Projects

Phylogenetic inference based on simulated annealing

As part of his research in the Thornton Lab, Victor Hanson-Smith is developing a software system named PHYESTA (pronounced "fiesta"). The acronym stands for "PhyML extended for simulated thermal annealing." The system is a set of modules that extend the PhyML phylogenetic inference package, incorporating a new optimization algorithm based on simulated annealing and mixed branch lengths for heterotachy.

Stacks

Julian Catchen is developing a software pipeline named Stacks, intended to be used for identifying a set of homologous loci from short-read sequence samples.

Sequence alignment with minimum description length

An application named realign uses minimum description length, a concept from information theory, to generate pairwise global alignments. The idea behind this application is that the alignment that can be encoded in the fewest number of bits is the most likely description of the homologous sites in the sequences. The next steps for this project will be to continue to test it on collections of real sequences with known homology and extend it for multiple sequence alignment.

Data-driven workflow management for bioinformatics

The Pipeline Interface Program uses a high-level, rule-based, programming notation to describe the stages of a complex analysis pipeline. The system automatically schedules the steps in the workflow based on data dependences between stages. The current system assumes data is stored in a relational database, but an interesting potential extension would be to manage very large data sets in Amazon S3 or Hadoop based storage clouds.

Past Projects

Synteny Database: As part of his Ph.D. dissertation project, Julian Catchen created a set of analysis tools and a software pipeline for analyzing conserved synteny. The system is able to detect regions of co-orthologs, in which two sets of genes in teleost fish are orthologous to genes in other vertebrates, dating to the whole-genome duplication early in the establishment of the fish lineage.

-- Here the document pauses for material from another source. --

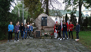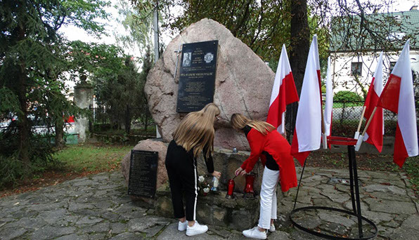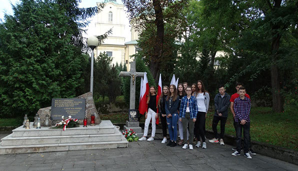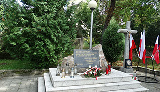 Opis: Miejsce pamięci poświęcone Polakom, którzy polegli w obronie Ojczyzny w latach 1939-1945. Niewielkich rozmiarów obelisk, na którym umieszczono granitową tablicę, odsłonięty został w lipcu 1964 r. Obok obelisku znajduje się wykonany z jasnego granitu krzyż, na którym widnieją: metalowa figura Chrystusa a także tabliczka z ciemnego granitu z orłem w koronie oraz krótką inskrypcją: Bóg - Honor / Ojczyzna 2003.

Lazarus: Victor Hanson-Smith developed a set of scripts for using PAML applications to help reconstruct ancestral molecular sequences.

tRNA Datamart: The tRNA datamart is a repository of bacterial tRNA sequences. Visitors can select sequences by a variety of attributes (taxonomic classification, length, specificity, etc.) and download the selected sequences in a variety of formats, including FASTA sequence files, tab-separated text for loading into spreadsheets, or even a PDF formatted "book" of 2D cloverleaf diagrams.

Gene Duplication: This project, with Mike Lynch, was based on all-vs-all comparisons of genes within the completely sequenced genomes that were available at the time. The results showed that tandem duplication is a continuing process, with most new duplications being silenced soon after the duplication event.

Genetic Simulation Library: The GSL is a set of C++ classes (Individual, Generation, Population, etc.) and a rich set of random number generators designed for individual-based modeling in population biology. No work has been done on this software since 1997, but the classes may be a useful starting point for anyone who wants to incorporate genomic information into individual-based models.